In the United States, the Trump administration’s callous response to the pandemic has so far claimed 212,000 lives, but with a far larger total number of infected people. The much-vaunted “low death toll” in Germany is almost identical to that of the US in relation to the number of infections. According to the figures of Johns Hopkins University in the US, the number of deaths in Germany would exceed 231,000, once the same number of people who had become infected there.

If, in the long term, as Merkel predicted in March, 60 to 70 percent of the German population were to become infected, this would mean between 1.53 and 1.78 million deaths at the current mortality rate. This roughly corresponds to the warning in a paper prepared in April and published later by the Federal Interior Ministry, which assumes a “worst-case scenario” of “over 1 million deaths in 2020” in Germany alone.

The sharp rise in the number of infections is the result of the criminal and deliberate policy of the federal and state governments allowing the virus to spread. In recent weeks and months, they have done everything in their power to force workers back into factories, opening schools under unsafe conditions, covering up outbreaks and at the same time refusing to invest in protection against the pandemic.

According to the teachers’ initiative #Bildungabersicher (#Educationbutsafe), there have been cases of infection in more than 1,000 schools and day-care centres in Germany so far. According to a recent official study from Britain, schools and educational institutions now account for almost half of the incidences of infection.

At a press conference on Thursday, called because of the exploding number of cases, Health Minister Jens Spahn (CDU) described the situation at kindergartens and schools as “comparatively good.” Spahn demanded that a “second lockdown” should not be the subject of a media “debate.” He said that the blame for the new infections was not the policy of the federal and state governments in reopening the economy, but private “celebrations,” “weddings” and “religious gatherings.”

Spahn deliberately blames the general population to conceal what is actually driving the pandemic: The explosion of case numbers in Germany and other countries is a direct result of the insecure return to workplaces and schools and is closely linked to the capitalist exploitation of the working class. This has been particularly acute since the beginning of the pandemic in the factories of meat-processing billionaire Clemens Tönnies.

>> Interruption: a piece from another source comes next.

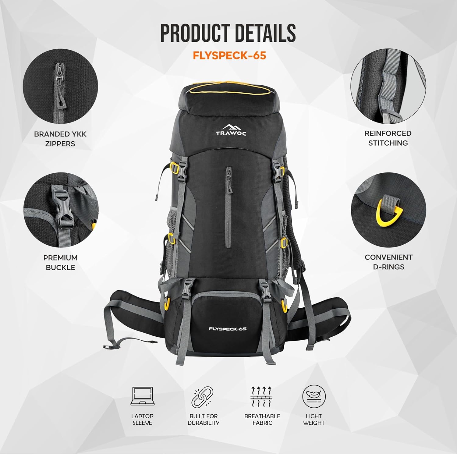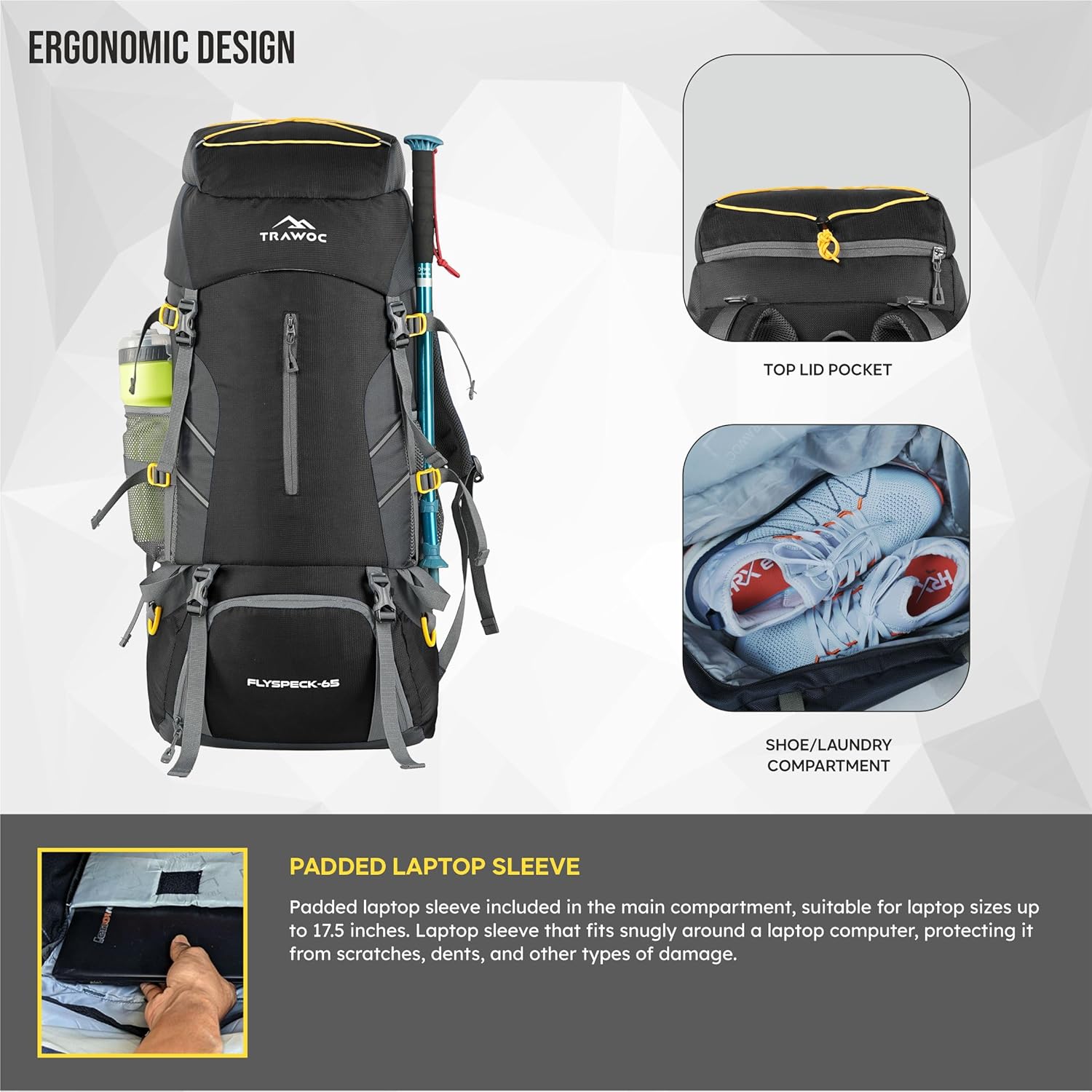The hiking backpack is 65 litres, which means it is triple times the normal requirement of a backpack.
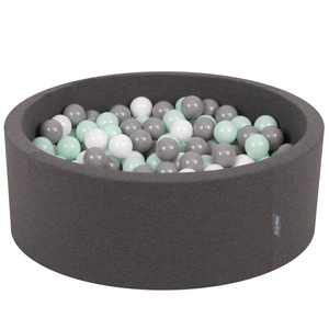 KiddyMoon Bällebad Bällepool mit bunten Bällen ∅ 7Cm für Babys Kinder Rund, dunkelgrau:weiß/grau/minze, 90x30cm/200 Bälle

For example, 112 of the 2,000 workers at the Tönnies processing plant in Weidemark in Sögel, Emsland, have already been infected, while production continues. Instead of ordering a comprehensive quarantine and mobilising teams of doctors, the responsible district authority declared on Wednesday that workers in the slaughterhouse must continue working until Friday—those in the cutting plant even until Sunday. This is to be done “so that no goods are spoiled.” The municipal schools are also to remain open as usual.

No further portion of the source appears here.